Murat Yakin succède à Vladimir Petkovic comme coach national de l'équipe de Suisse. L'ancien international helvétique a signé son contrat lundi matin, annonce l'ASF.

Yakin s'est engagé jusqu'à la fin des éliminatoires pour la Coupe du monde 2022, avec une option de prolongation. Âgé de 46 ans, il rejoint avec effet immédiat l'ASF en provenance du FC Schaffhouse (ChL).

La succession de Petkovic, parti entraîner Bordeaux en Ligue 1, s'annonce exaltante. Petkovic a mené la Suisse à un niveau supérieur, avec la récente qualification pour les quarts de finale de l'Euro après l'éclatante victoire contre la France en 8es de finale.

L'aîné des frères Yakin dirigera son premier match contre la Grèce, en amical, le 1er septembre à Bâle, puis pour les rencontres de qualification pour la Coupe du monde contre l'Italie championne d'Europe (le 5 septembre à Bâle) et contre l'Irlande du Nord, le 8 septembre à Belfast.

Un coach expérimenté

Le nom de Yakin avait été proposé au comité central de l'ASF par la commission composée du directeur des équipes nationales, Pierluigi Tami, du président central de l'ASF, Dominique Blanc, de Patrick Brugmann (directeur du développement du football de l'ASF) et du président de la SFL Heinrich Schifferle.
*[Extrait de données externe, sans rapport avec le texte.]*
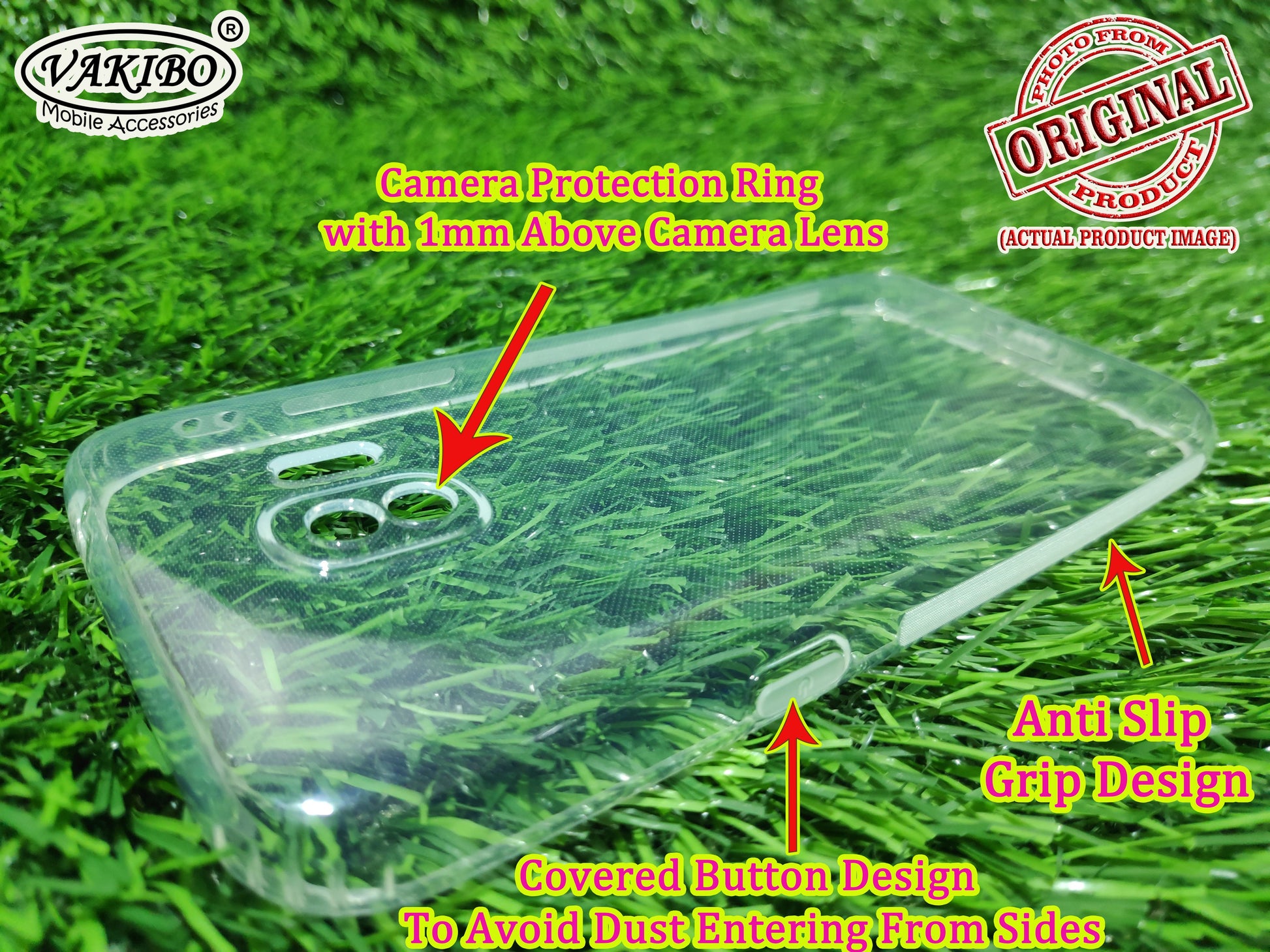 VAKIBO Super Premium Soft TPU Transparent Case With Dustplug,Side Grip,Corner Protection,lanyard Cuts,Camera Protection Suitable for Samsung J2 2018

Le comité a accepté la proposition.

D'autres noms avaient circulé dans les médias, comme Bernard Challandes et René Weiler. Yakin est réputé proche du terrain et s'appuie, outre ses connaissances techniques, sur son intuition, son feeling. Sa stature d'ancien joueur de grand talent est de nature à forcer le respect des cadres de la sélection comme Shaqiri ou Xhaka.

Murat Yakin possède une grande expérience du métier d'entraîneur, souligne l'ASF, malgré son relativement jeune âge. Après une belle carrière de joueur à Grasshopper et au FC Bâle de la grande époque, puis en Bundesliga avec Stuttgart et Kaiserslautern, l'homme aux 49 sélections avec l'équipe de Suisse (4 buts) a entamé sa carrière d'entraîneur avec Concordia Bâle.

Il est ensuite passé par Frauenfeld et les M21 de GC, avant de devenir l'entraîneur principal de Thoune puis de Lucerne. Avec le club de l'Oberland bernois, il est passé de la Challenge League à la Super League et, lors de la saison 2011/12, il a mené Lucerne à la finale de la Coupe et à la deuxième place du Championnat.

Murat Yakin a aussi entraîné le Spartak Moscou, le FC Schaffhouse, GC, Sion et, depuis juin 2019, de nouveau Schaffhouse.

Dans le communiqué de l'ASF, Murat Yakin dit sa joie au moment de prendre ses fonctions: "L'équipe nationale était déjà une affaire de c½ur pour moi en tant que joueur. C'est un grand honneur et un plaisir pour moi de pouvoir représenter notre pays en tant qu'entraîneur. Je suis convaincu que nous nous qualifierons pour la Coupe du monde avec cette grande équipe et que nous allons célébrer de nouveaux succès."